Putrid and horrible for the sake of being so, as far as I could tell during my excruciating 100 page journey through this awful book. Reading this was painful. I initially loved the avant-garde run-on insane writing style, and I expected this to be an incredible narration of the horrors through the eyes of an unstable and detached narrator-- but the unique style did little to counteract the insane passages filled with pedophilia, torture, blood, guts, self-harm, and sadomasochism involving minors. It's vomit-worthy, and not in a way that matters, either. My issue isn't that there is depravity in the book. My issue is that there doesn't seem to be a reason for it. Is there a poignant message, a unifying point for the ceaseless child maiming and rape I had to sit through to finish this garbage? Because I cannot find one. It is shock for the sake of shock, it seems.
I'm not going to dignify this with a plot synopsis, unfortunately.

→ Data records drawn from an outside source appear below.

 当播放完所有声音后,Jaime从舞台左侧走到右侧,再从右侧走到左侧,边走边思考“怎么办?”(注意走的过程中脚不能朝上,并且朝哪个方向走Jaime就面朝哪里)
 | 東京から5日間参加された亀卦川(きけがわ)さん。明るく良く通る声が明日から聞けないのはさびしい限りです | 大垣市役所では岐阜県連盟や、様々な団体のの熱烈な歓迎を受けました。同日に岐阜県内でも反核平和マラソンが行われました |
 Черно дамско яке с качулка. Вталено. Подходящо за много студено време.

Pretty astonishing how this totally and unselfconsciously breaks all kinds of literary rules. Kind of gross in places and going for shock value but that tends to be the way, I imagine the writer was probably having a right good laugh when writing this.

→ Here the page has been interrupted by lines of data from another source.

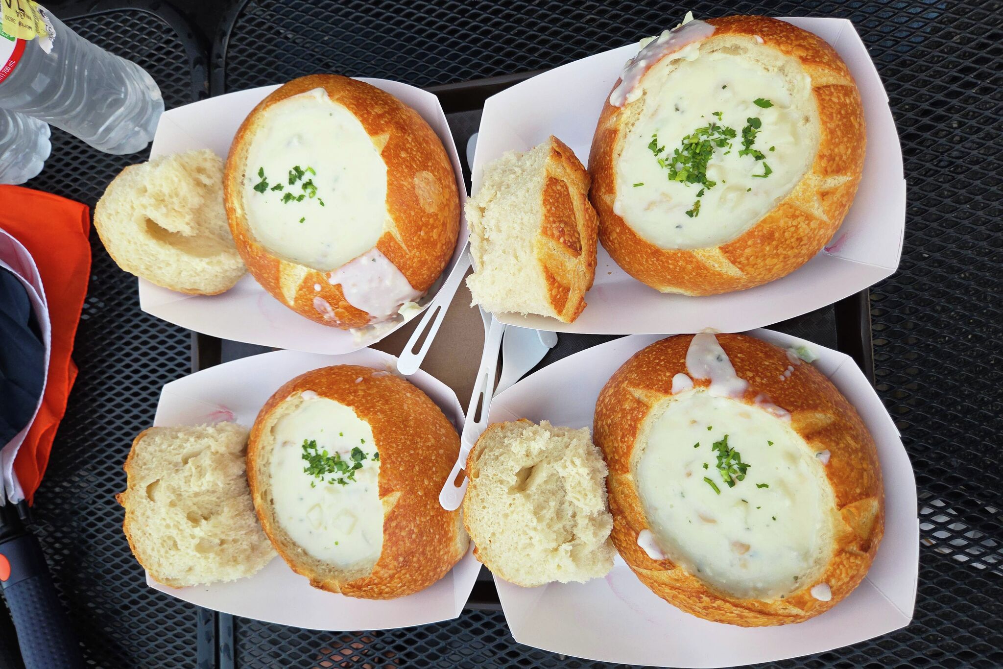 I had some family in town that had a hankering for clam chowder in a bread bowl, specifically from Boudin Bakery on the Wharf. The chowder was exactly as I imagined: creamy, distractingly fishy and flecked with chewy bits of clam. The bread was soft, if a bit dry, on the inside, while the exterior maintained a chewy skin. Although I can’t recommend the food, watching a gaggle of children gnaw on the ends of the edible bowls like caterpillars almost made the thing worth it. Sadly, the bakery was out of animal-shaped breads — no crocodiles, crabs or bears.
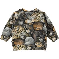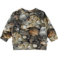 Elmo is a baby top with a print of various animals that are hibernating. Elmo has raglan sleeves and a round neck.
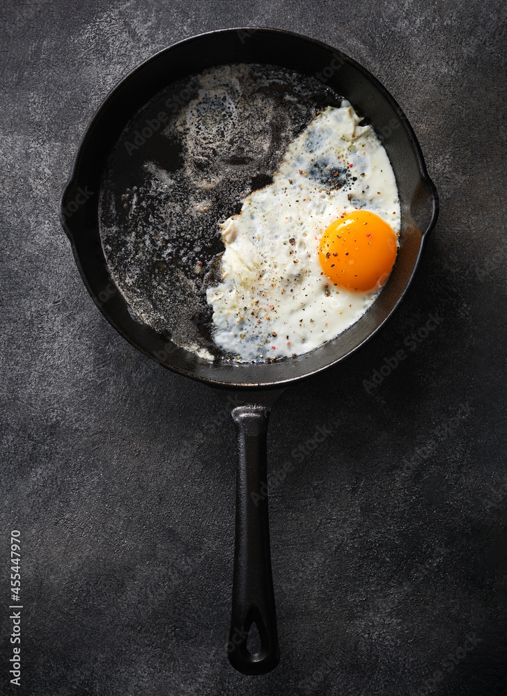 Close-up of a fried egg in a cast iron pan, text space for recipe ideas

suffocating in every way, the type of book one is glad they read but is impossible to enjoy in a typical sense of the word. also impossible to rate, or recommend, so i have not rated it and will not recommend it. extremely vile and casual with its descriptions of the most deviant sexual deviancy i’ve read in a while (and thats really saying something). didnt even have time to think about what i was reading until it was over. best read in one sitting. going to follow this up with some normie horror to remind me of the general standard for freak shit.

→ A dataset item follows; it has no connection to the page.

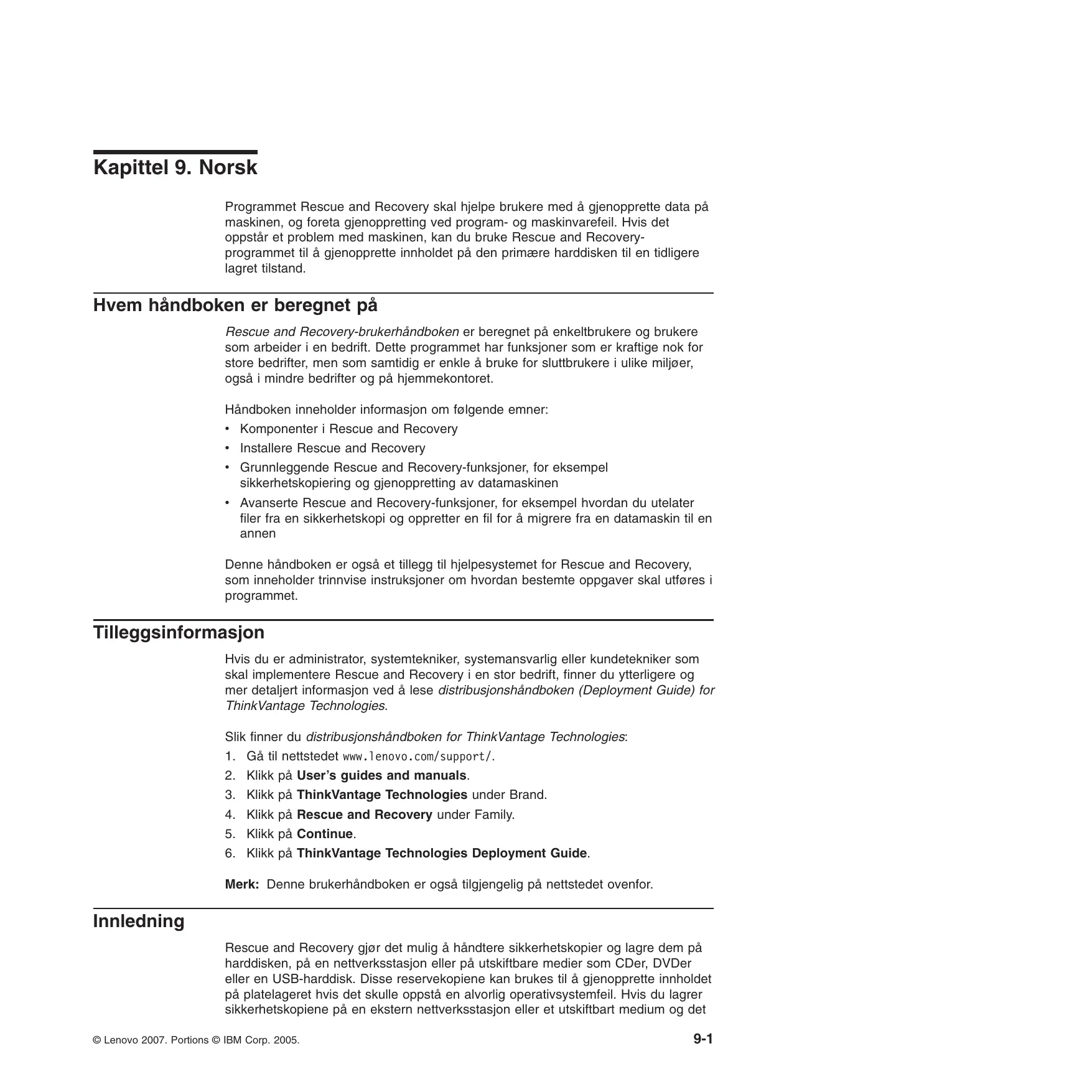 8-10 Rescue and Recovery™ User’s Guide Kapittel 9. Norsk Programmet Rescue and Recovery skal hjelpe brukere med å gjenopprette data på maskinen, og foreta gjenoppretting ved program- og maskinvarefeil. Hvis det oppstår et problem med maskinen, kan du bruke Rescue and Recoveryprogrammet til å gjenopprette innholdet på den primære harddisken til en tidligere lagret tilstand. Hvem håndboken er beregnet på Rescue and Recovery-brukerhåndboken er beregnet på enkeltbrukere og brukere som arbeider i en bedrift. Dette programmet har funksjoner som er kraftige nok for store bedrifter, men som samtidig er enkle å bruke for sluttbrukere i ulike miljøer, også i mindre bedrifter og på hjemmekontoret. Håndboken inneholder informasjon om følgende emner: v Komponenter i Rescue and Recovery v Installere Rescue and Recovery v Grunnleggende Rescue and Recovery-funksjoner, for eksempel sikkerhetskopiering og gjenoppretting av datamaskinen v Avanserte Rescue and Recovery-funksjoner, for eksempel hvordan du utelater filer fra en sikkerhetskopi og oppretter en fil for å migrere fra en datamaskin til en annen Denne håndboken er også et tillegg til hjelpesystemet for Rescue and Recovery, som inneholder trinnvise instruksjoner om hvordan bestemte oppgaver skal utføres i programmet. Tilleggsinformasjon Hvis du er administrator, systemtekniker, systemansvarlig eller kundetekniker som skal implementere Rescue and Recovery i en stor bedrift, finner du ytterligere og mer detaljert informasjon ved å lese distribusjonshåndboken (Deployment Guide) for ThinkVantage Technologies. Slik finner du distribusjonshåndboken for ThinkVantage Technologies:

different read, the content and the writing style makes it take longer even though it’s a short story. somehow elegant and like art? like a punch to the chest
I was gifted this book and I know the person who gave it to me has not read the contents because I don’t believe they would have bought it if they knew what it contained .
i’m not sure what the point of this was - to be as edgy and provocative as possible ? i wish i could give this zero stars as it failed to make me feel anything aside from mild revulsion and derision . i’m not sure if there’s supposed to be some deeper meaning to this and i’d be very interested to hear what it is. i am quite baffled by all the five star reviews.